给定一个只包括 ‘(‘，’)’，’{‘，’}’，’[‘，’]’ 的字符串，判断字符串是否有效。

有效字符串需满足：
左括号必须用相同类型的右括号闭合。
左括号必须以正确的顺序闭合。
注意空字符串可被认为是有效字符串。

示例 1:

• 输入: “()”
• 输出: true

示例 2:

• 输入: “()[]{}”
• 输出: true

示例 3:

• 输入: “(]”
• 输出: false

示例 4:

• 输入: “([)]”
• 输出: false

示例 5:

• 输入: “{[]}”
• 输出: true

class Solution(object):
    """栈
        复杂度分析：
            时间复杂度：O(n)，因为我们一次只遍历给定的字符串中的一个字符并在栈上进行 O(1) 的推入和弹出操作。
            空间复杂度：O(n)，当我们将所有的开括号都推到栈上时以及在最糟糕的情况下，我们最终要把所有括号推到栈上。

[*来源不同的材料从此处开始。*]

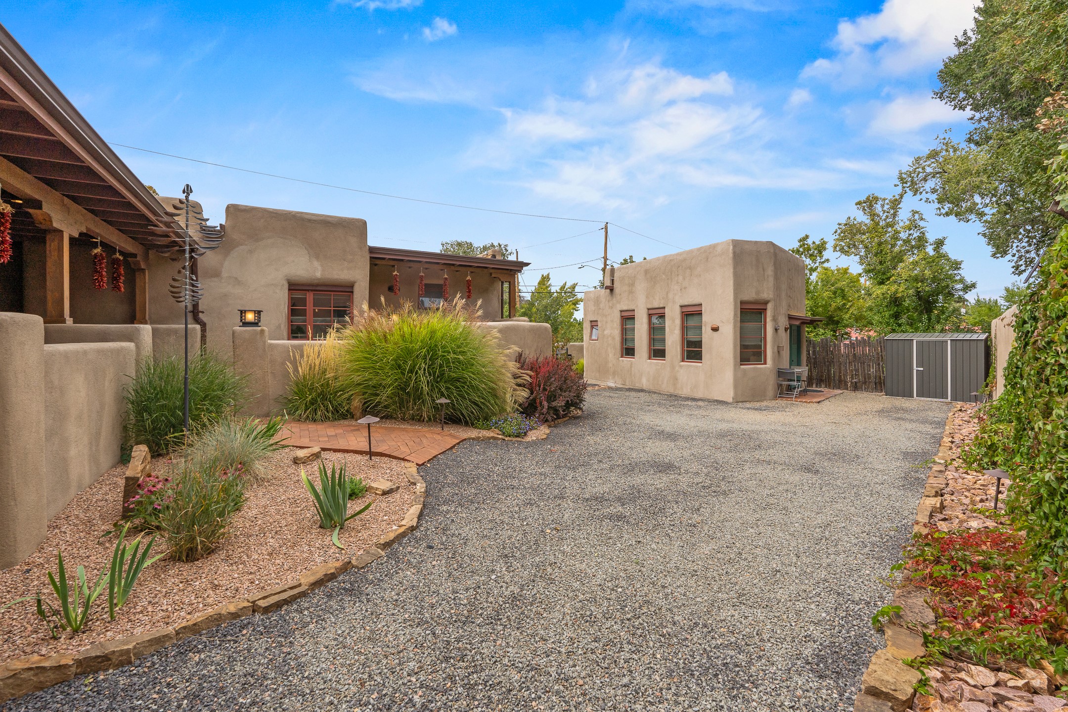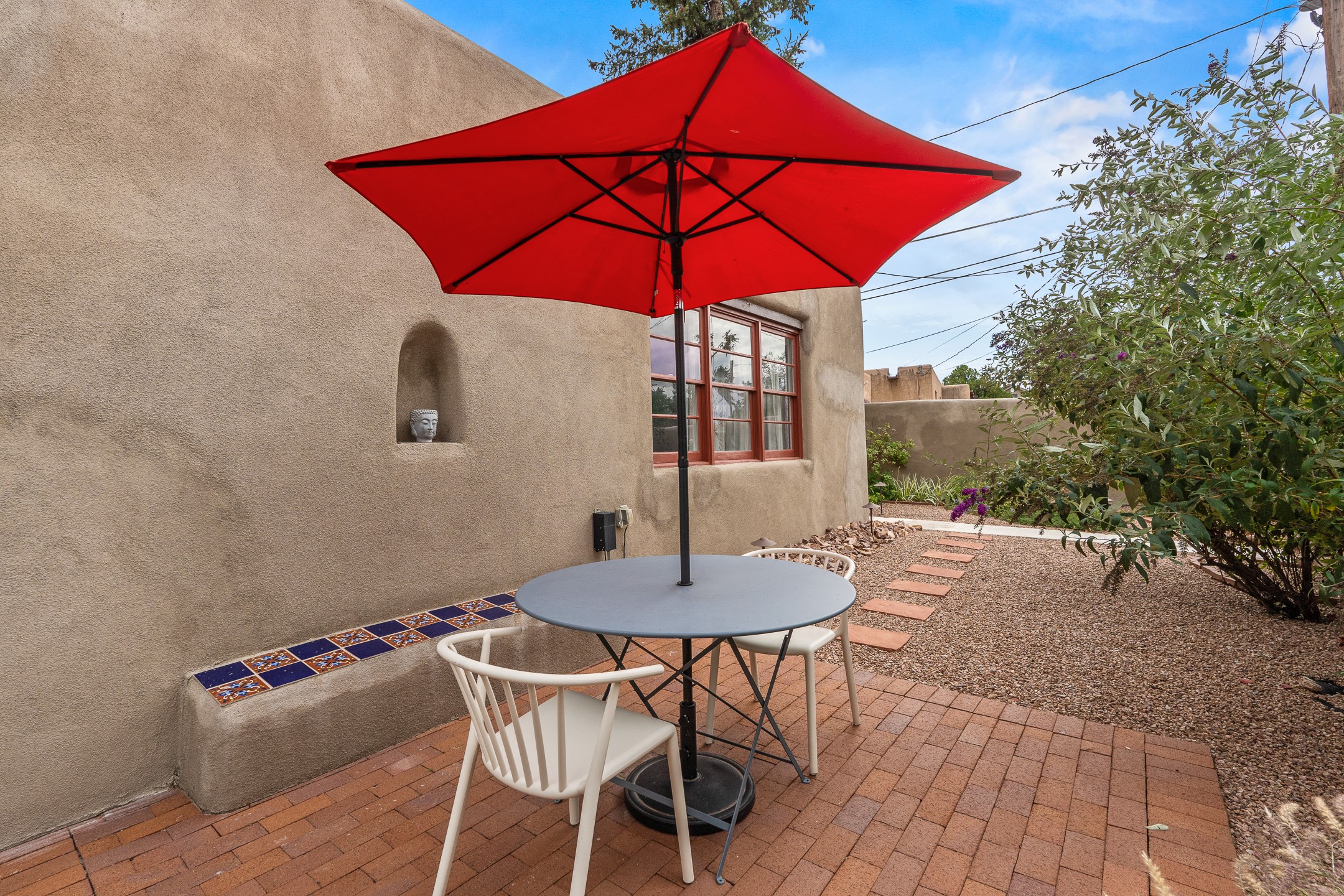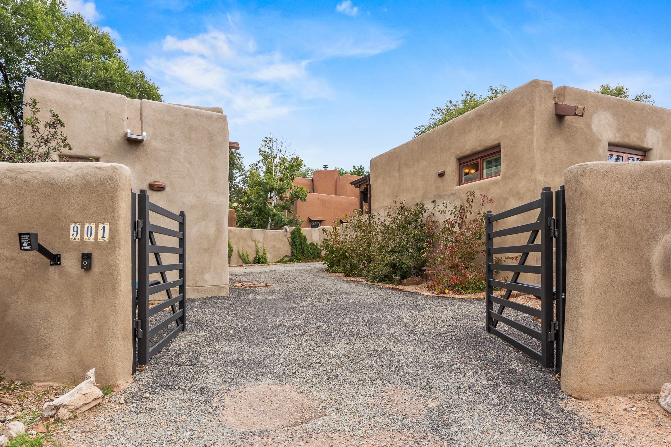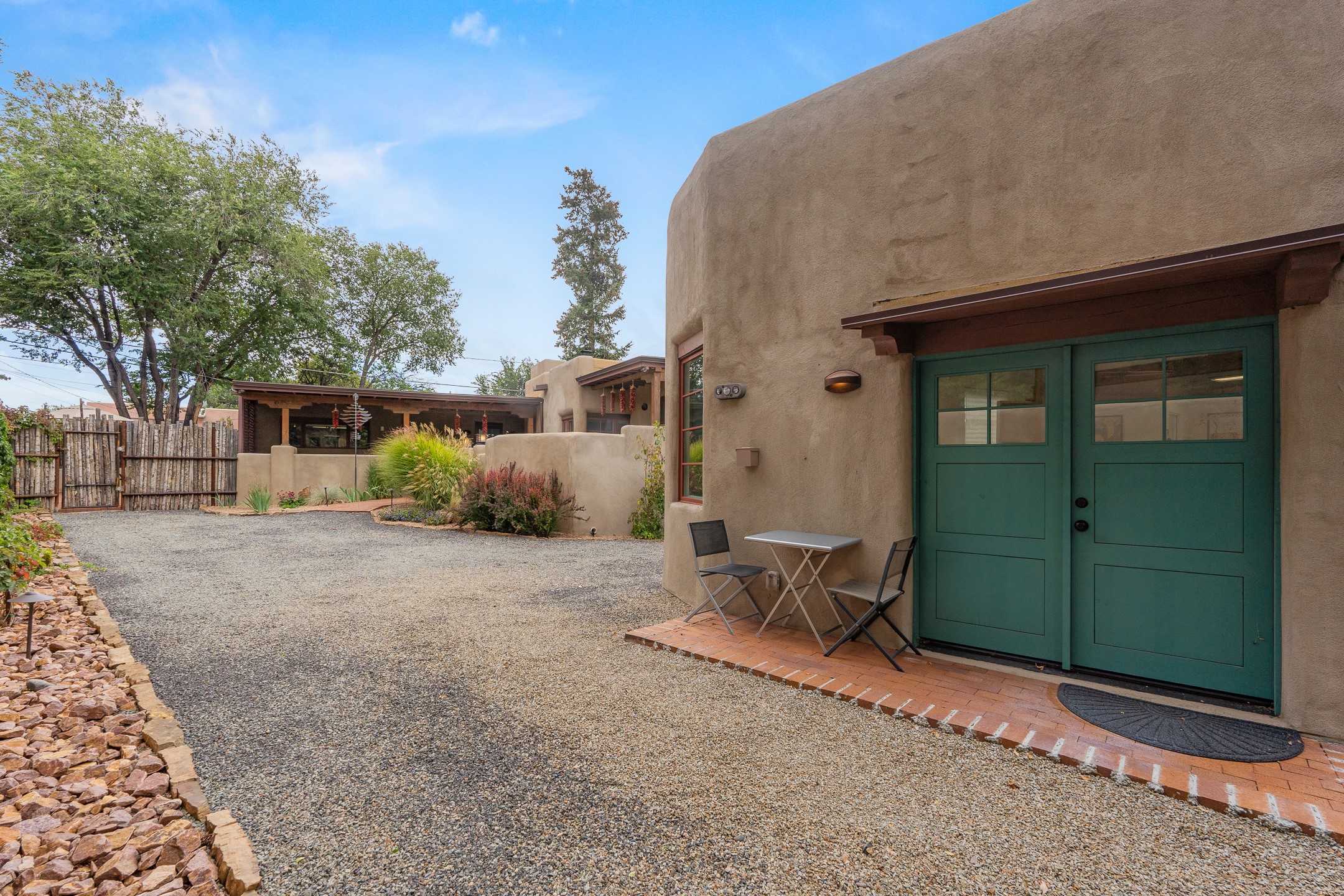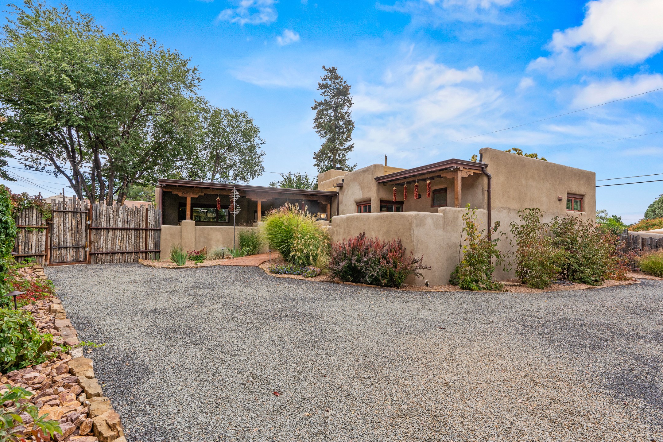 PENDING-- TAKING BACKUP OFFERS! Live like the artist that you are! This historic South Capitol home has had an incredible modern transformation! Lots of designer finishes!Originally built in 1949, this little piece of history has been thoughtfully remodeled to incorporate the old and the new -- a unique combination of mid-century and Santa Fe styles.Featuring 2 bedrooms plus an office, 4 baths, and not one - but two - artist studios, all on a gated lot within walking distance to downtown - this property has everything you could want in your Santa Fe dream home.The all-new kitchen was inspired by the original 1949 style, rebuilt with quartz counters, Caf brand appliances, including a new oven installed in 2025, and hand-made cottage style cabinetry.The primary suite, completely reimagined in 2024, will have you luxuriating in the Americh soaking tub, walk-in shower, and luxury Grohe and Kohler finishes.Need studio space? There are TWO artist's studios - one attached and one detached. The attached studio has skylights, industrial sink, and a private patio -- perfect for use as a creative or flex space. The new (2022) 480-square-foot studio has soaring ceilings plenty of light, a sink and a 1/2 bath.Outdoors, discover hidden native gardens curated by a landscape designer, the custom outdoor kitchen with built-in gas Coyote grill and and covered dining portal, and a sculptural rock fountain by artist Joshua Gannon. Other bonuses include custom uplighting throughout the property, George Nelson and Pablo Pardo pendant lighting, solar tube skylights, a custom-made wine cabinet with built in wine cooler,b new windows in 2020, an EV car charger, a new roof in 2020, and all new electric and plumbing (2020). Seven split HVAC units will keep you comfortable year-round.This is South Capitol redefined. A historic home, transformed for high-quality modern living -- don't miss this opportunity to live your artistic Santa Fe dream!
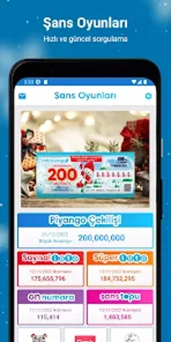 Şans Oyunları เป็นแอปพลิเคชันที่เกี่ยวข้องกับไลฟ์สไตล์สำหรับ Android ที่ช่วยให้ผู้ใช้สามารถตรวจสอบผลลัพธ์ของเกมลอตเตอรี่ต่างๆ เช่น Milli Piyango, Sayısal Loto, Şans Topu, On Numara, Süper Loto, และ Süper Piyango ได้อย่างง่ายดาย
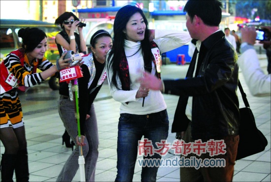由于她們身材高挑、長相標致、穿著性感,很快便吸引了大量圍觀者。起初現場沒有人愿意接受這些行為怪異的女“記者”采訪,采訪受阻后,美女們將目標重新定位,瞄準了過往行人中的帥哥。效果還不錯,其中幾名帥哥抵擋不住“辣妹”的誘惑,非常豪爽地接受了采訪。

例如 ((((((((((。
    """
    def is_valid(self, s):
        # The stack to keep track of opening brackets.
        stack = []

        # Hash map for keeping track of mappings. This keeps the code very clean.
        # Also makes adding more types of parenthesis easier
        mapping = {")": "(", "}": "{", "]": "["}

        # For every bracket in the expression.
        for char in s:
            # If the character is an closing bracket
            if char in mapping:
                # Pop the topmost element from the stack, if it is non empty
                # Otherwise assign a dummy value of '#' to the top_element variable
                top_element = stack.pop() if stack else '#'

                # The mapping for the opening bracket in our hash and the top
                # element of the stack don't match, return False
                if mapping[char] != top_element:
                    return False
            else:
                # We have an opening bracket, simply push it onto the stack.
                stack.append(char)

        # In the end, if the stack is empty, then we have a valid expression.
        # The stack won't be empty for cases like ((()
        return not stack

运行测试用例：

testcases = [
    ("()", True),
    ("(]", False),
    ("{[]}", True),
    ("([)]", False),
    ("()[]{}", True)
]
s = Solution()
for tc, val in testcases:
    assert(s.is_valid(tc) == val)
    print(val)

# Output:
# True
# False
# True
# False
# True